ABOUT THIS EXERCISE »
Give back exactly the lines from the start of the entries below to the line holding "Разбираем для начала", that line included, and leave every picture out.

========================================

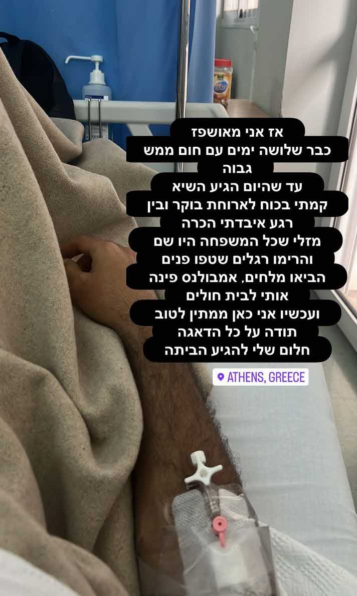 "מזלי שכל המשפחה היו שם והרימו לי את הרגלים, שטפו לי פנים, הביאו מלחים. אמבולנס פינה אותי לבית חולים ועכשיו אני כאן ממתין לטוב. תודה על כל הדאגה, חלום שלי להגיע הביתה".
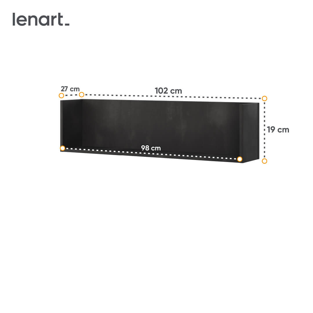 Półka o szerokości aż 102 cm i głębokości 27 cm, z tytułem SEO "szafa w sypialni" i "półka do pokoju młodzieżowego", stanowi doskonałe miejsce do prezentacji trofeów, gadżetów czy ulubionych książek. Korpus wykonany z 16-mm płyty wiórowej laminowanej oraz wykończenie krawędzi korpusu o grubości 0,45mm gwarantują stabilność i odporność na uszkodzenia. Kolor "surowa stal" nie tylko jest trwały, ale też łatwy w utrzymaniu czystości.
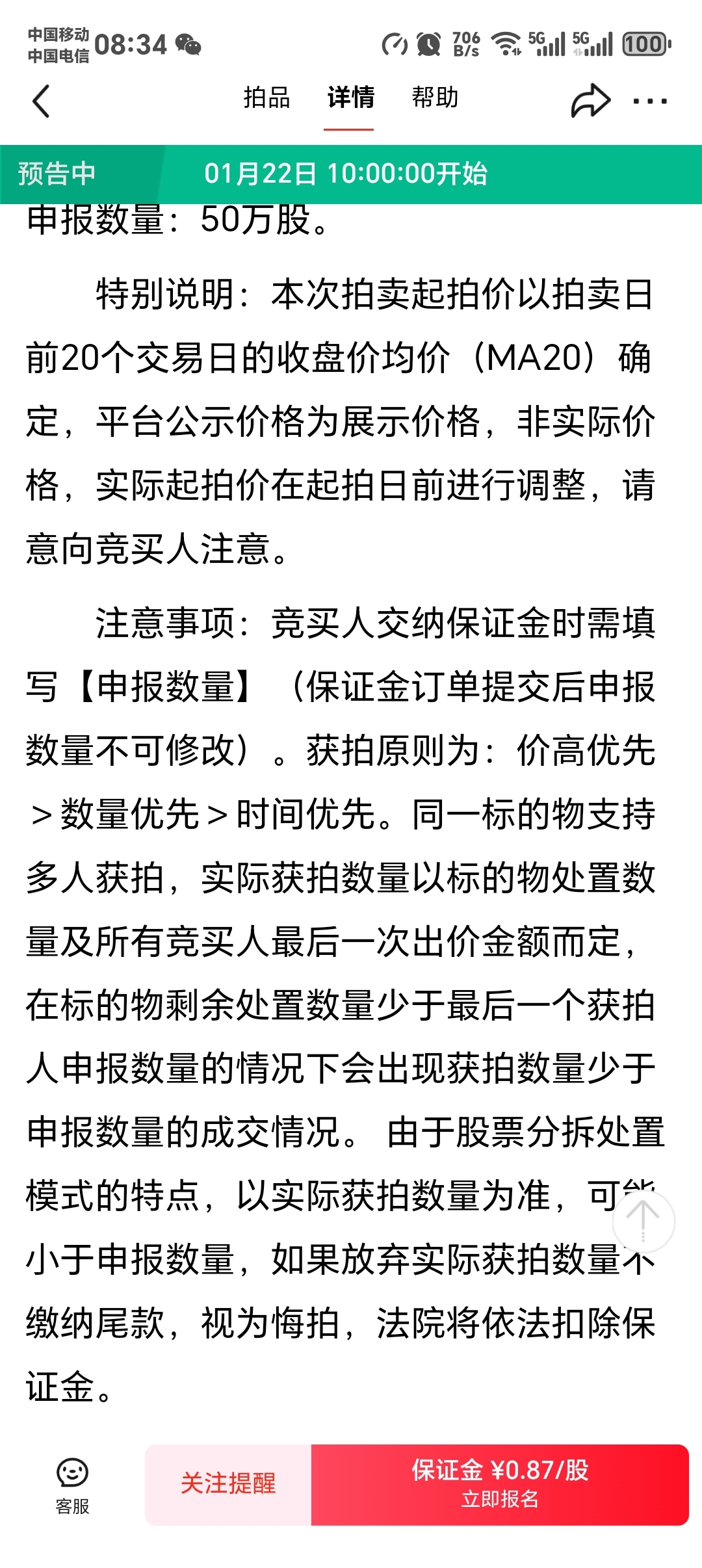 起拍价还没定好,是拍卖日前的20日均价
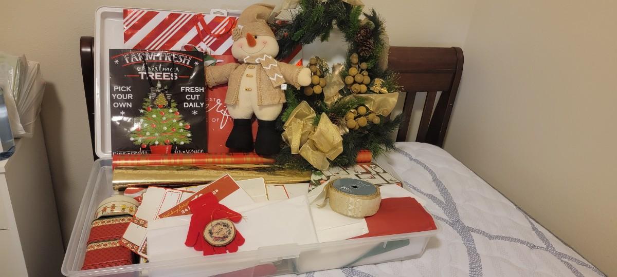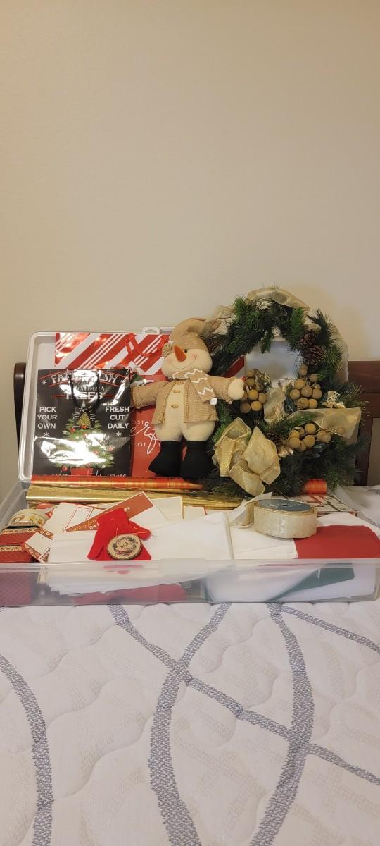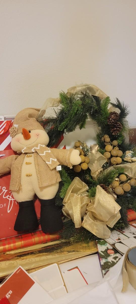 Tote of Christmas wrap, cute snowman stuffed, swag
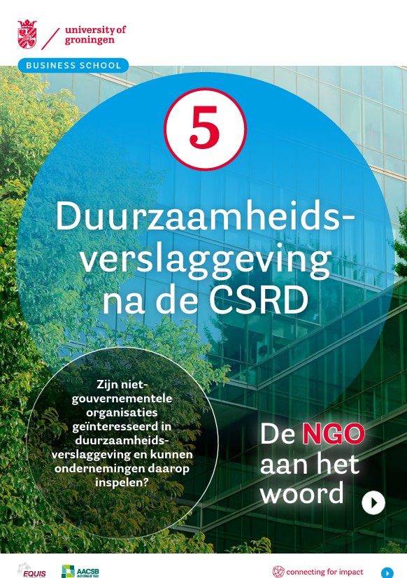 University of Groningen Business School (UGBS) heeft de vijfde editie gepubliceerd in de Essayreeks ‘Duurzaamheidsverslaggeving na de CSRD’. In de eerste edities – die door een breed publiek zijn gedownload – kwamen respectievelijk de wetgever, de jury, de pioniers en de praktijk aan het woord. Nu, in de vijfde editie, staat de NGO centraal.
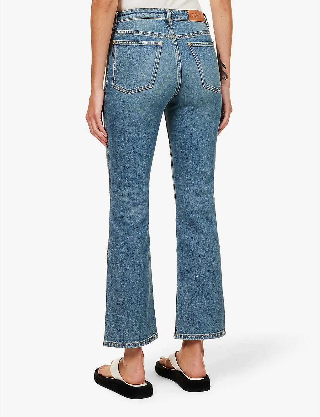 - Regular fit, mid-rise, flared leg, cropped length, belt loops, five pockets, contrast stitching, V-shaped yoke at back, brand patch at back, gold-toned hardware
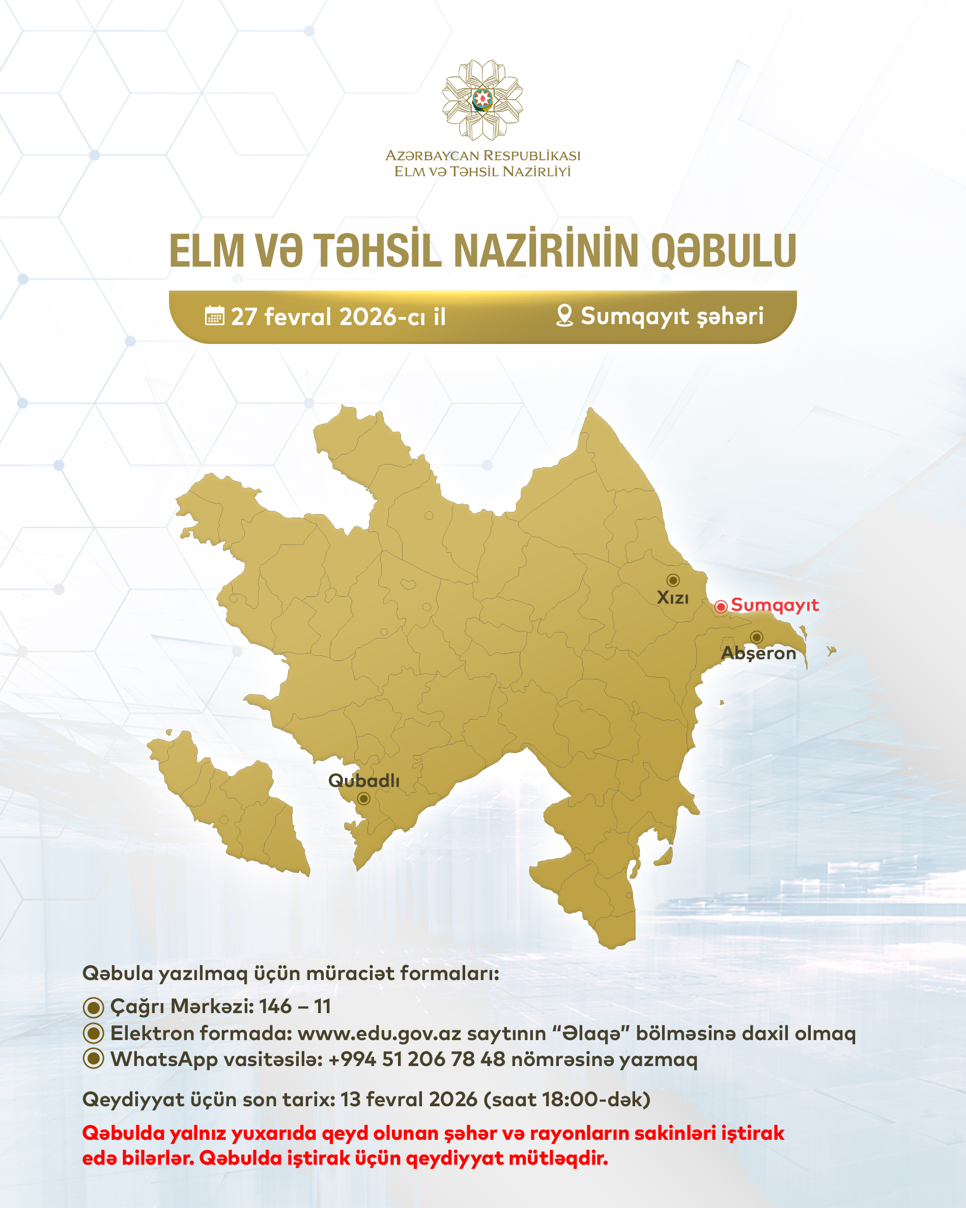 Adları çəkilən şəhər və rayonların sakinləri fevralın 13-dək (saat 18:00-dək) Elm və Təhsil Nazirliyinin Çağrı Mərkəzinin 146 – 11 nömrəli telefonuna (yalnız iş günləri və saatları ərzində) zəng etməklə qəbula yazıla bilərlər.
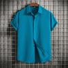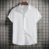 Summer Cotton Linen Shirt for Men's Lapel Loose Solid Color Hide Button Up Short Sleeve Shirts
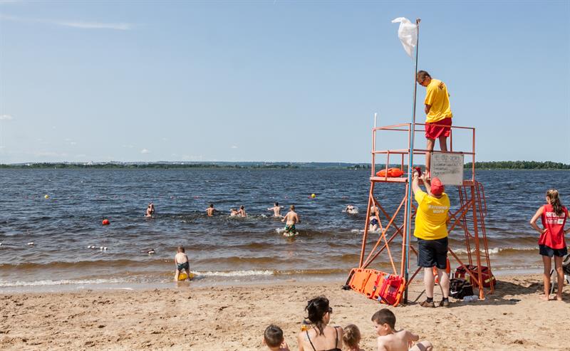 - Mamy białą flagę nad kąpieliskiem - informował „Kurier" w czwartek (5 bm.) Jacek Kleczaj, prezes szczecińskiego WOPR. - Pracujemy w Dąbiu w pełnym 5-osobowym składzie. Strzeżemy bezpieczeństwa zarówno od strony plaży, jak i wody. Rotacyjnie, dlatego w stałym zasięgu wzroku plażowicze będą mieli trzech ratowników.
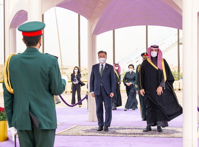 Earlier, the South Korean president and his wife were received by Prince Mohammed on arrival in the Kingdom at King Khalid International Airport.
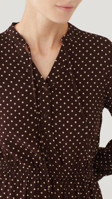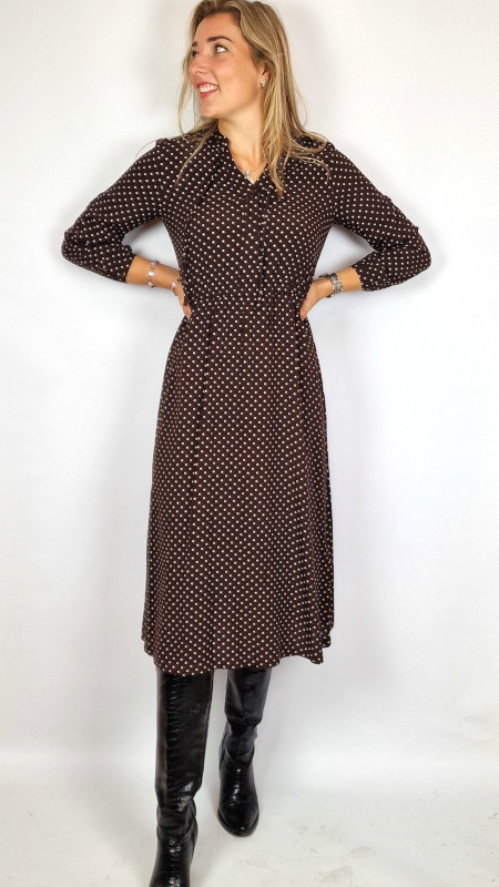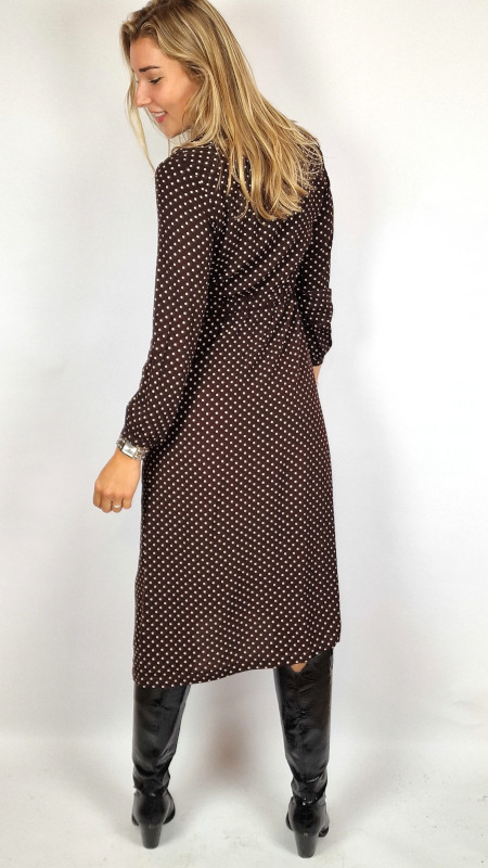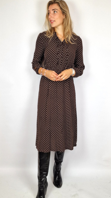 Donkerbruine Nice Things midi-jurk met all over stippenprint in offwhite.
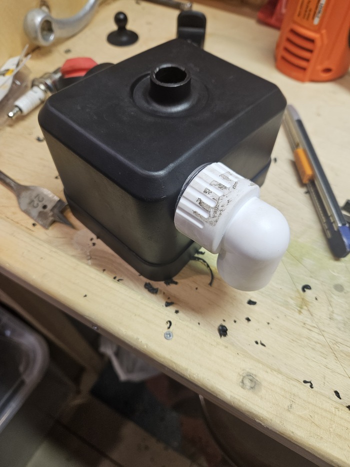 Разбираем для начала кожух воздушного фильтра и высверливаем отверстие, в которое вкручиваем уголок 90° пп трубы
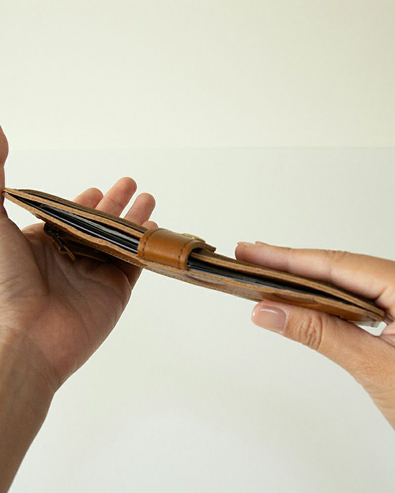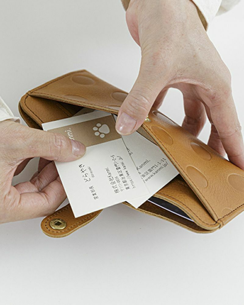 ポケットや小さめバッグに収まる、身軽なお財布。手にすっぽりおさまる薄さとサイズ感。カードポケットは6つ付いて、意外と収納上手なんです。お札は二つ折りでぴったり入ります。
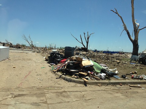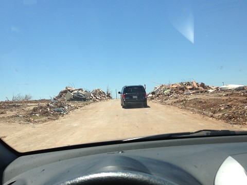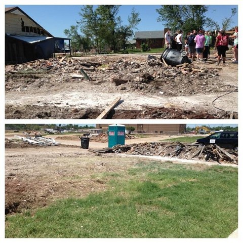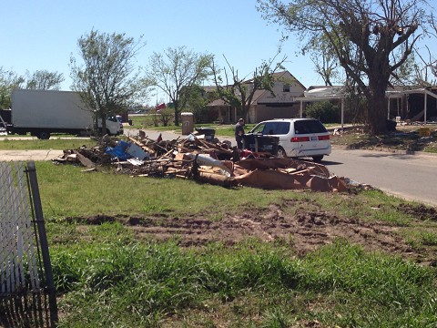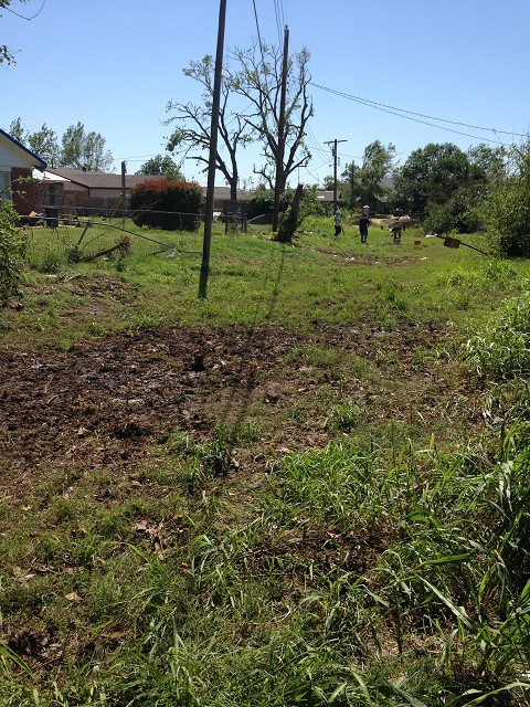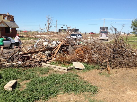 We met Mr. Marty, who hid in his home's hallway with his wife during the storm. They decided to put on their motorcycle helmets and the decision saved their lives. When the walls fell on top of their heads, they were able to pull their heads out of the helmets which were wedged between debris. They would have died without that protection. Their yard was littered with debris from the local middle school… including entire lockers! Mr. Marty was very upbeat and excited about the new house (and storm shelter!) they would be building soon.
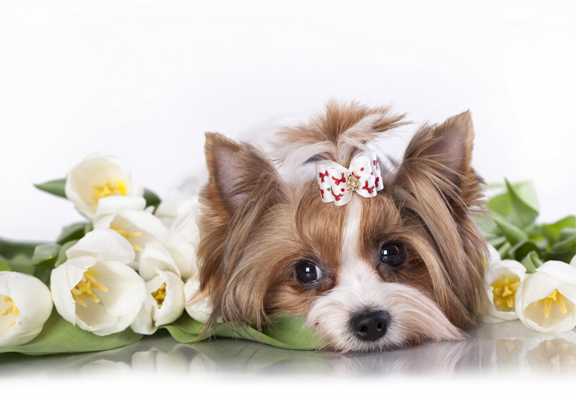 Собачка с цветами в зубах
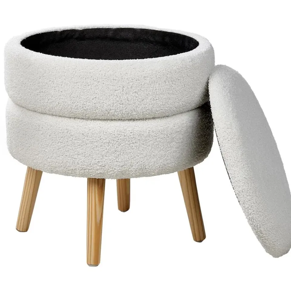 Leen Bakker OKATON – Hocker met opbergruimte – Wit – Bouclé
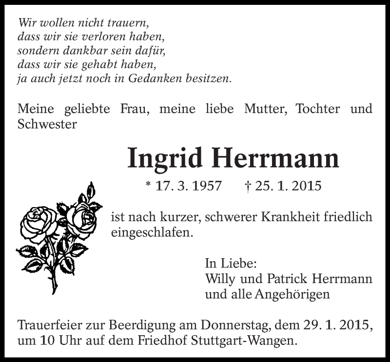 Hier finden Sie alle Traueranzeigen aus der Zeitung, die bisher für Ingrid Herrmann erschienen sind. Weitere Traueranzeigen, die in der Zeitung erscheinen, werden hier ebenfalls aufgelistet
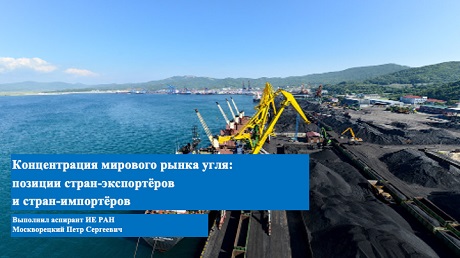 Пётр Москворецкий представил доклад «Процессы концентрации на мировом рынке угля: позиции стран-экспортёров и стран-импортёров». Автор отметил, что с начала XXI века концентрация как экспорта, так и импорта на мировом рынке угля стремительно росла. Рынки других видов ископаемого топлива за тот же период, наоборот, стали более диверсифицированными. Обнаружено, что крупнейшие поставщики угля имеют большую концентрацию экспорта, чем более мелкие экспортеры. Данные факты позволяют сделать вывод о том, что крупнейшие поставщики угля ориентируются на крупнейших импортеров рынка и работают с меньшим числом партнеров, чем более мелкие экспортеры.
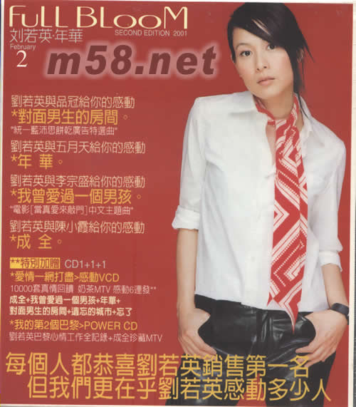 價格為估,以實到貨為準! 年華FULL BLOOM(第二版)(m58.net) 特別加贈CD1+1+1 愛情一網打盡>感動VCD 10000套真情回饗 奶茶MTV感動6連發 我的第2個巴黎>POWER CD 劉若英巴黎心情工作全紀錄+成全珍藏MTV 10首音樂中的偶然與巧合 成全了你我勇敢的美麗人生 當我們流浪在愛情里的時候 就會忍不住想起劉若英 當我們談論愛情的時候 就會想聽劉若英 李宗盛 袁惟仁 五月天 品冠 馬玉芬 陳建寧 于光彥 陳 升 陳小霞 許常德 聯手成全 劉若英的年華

========================================

WRITTEN REPLY »
 "מזלי שכל המשפחה היו שם והרימו לי את הרגלים, שטפו לי פנים, הביאו מלחים. אמבולנס פינה אותי לבית חולים ועכשיו אני כאן ממתין לטוב. תודה על כל הדאגה, חלום שלי להגיע הביתה".
 Półka o szerokości aż 102 cm i głębokości 27 cm, z tytułem SEO "szafa w sypialni" i "półka do pokoju młodzieżowego", stanowi doskonałe miejsce do prezentacji trofeów, gadżetów czy ulubionych książek. Korpus wykonany z 16-mm płyty wiórowej laminowanej oraz wykończenie krawędzi korpusu o grubości 0,45mm gwarantują stabilność i odporność na uszkodzenia. Kolor "surowa stal" nie tylko jest trwały, ale też łatwy w utrzymaniu czystości.
 起拍价还没定好,是拍卖日前的20日均价
 Tote of Christmas wrap, cute snowman stuffed, swag
 University of Groningen Business School (UGBS) heeft de vijfde editie gepubliceerd in de Essayreeks ‘Duurzaamheidsverslaggeving na de CSRD’. In de eerste edities – die door een breed publiek zijn gedownload – kwamen respectievelijk de wetgever, de jury, de pioniers en de praktijk aan het woord. Nu, in de vijfde editie, staat de NGO centraal.
 - Regular fit, mid-rise, flared leg, cropped length, belt loops, five pockets, contrast stitching, V-shaped yoke at back, brand patch at back, gold-toned hardware
 Adları çəkilən şəhər və rayonların sakinləri fevralın 13-dək (saat 18:00-dək) Elm və Təhsil Nazirliyinin Çağrı Mərkəzinin 146 – 11 nömrəli telefonuna (yalnız iş günləri və saatları ərzində) zəng etməklə qəbula yazıla bilərlər.
 Summer Cotton Linen Shirt for Men's Lapel Loose Solid Color Hide Button Up Short Sleeve Shirts
 - Mamy białą flagę nad kąpieliskiem - informował „Kurier" w czwartek (5 bm.) Jacek Kleczaj, prezes szczecińskiego WOPR. - Pracujemy w Dąbiu w pełnym 5-osobowym składzie. Strzeżemy bezpieczeństwa zarówno od strony plaży, jak i wody. Rotacyjnie, dlatego w stałym zasięgu wzroku plażowicze będą mieli trzech ratowników.
 Earlier, the South Korean president and his wife were received by Prince Mohammed on arrival in the Kingdom at King Khalid International Airport.
 Donkerbruine Nice Things midi-jurk met all over stippenprint in offwhite.
 Разбираем для начала кожух воздушного фильтра и высверливаем отверстие, в которое вкручиваем уголок 90° пп трубы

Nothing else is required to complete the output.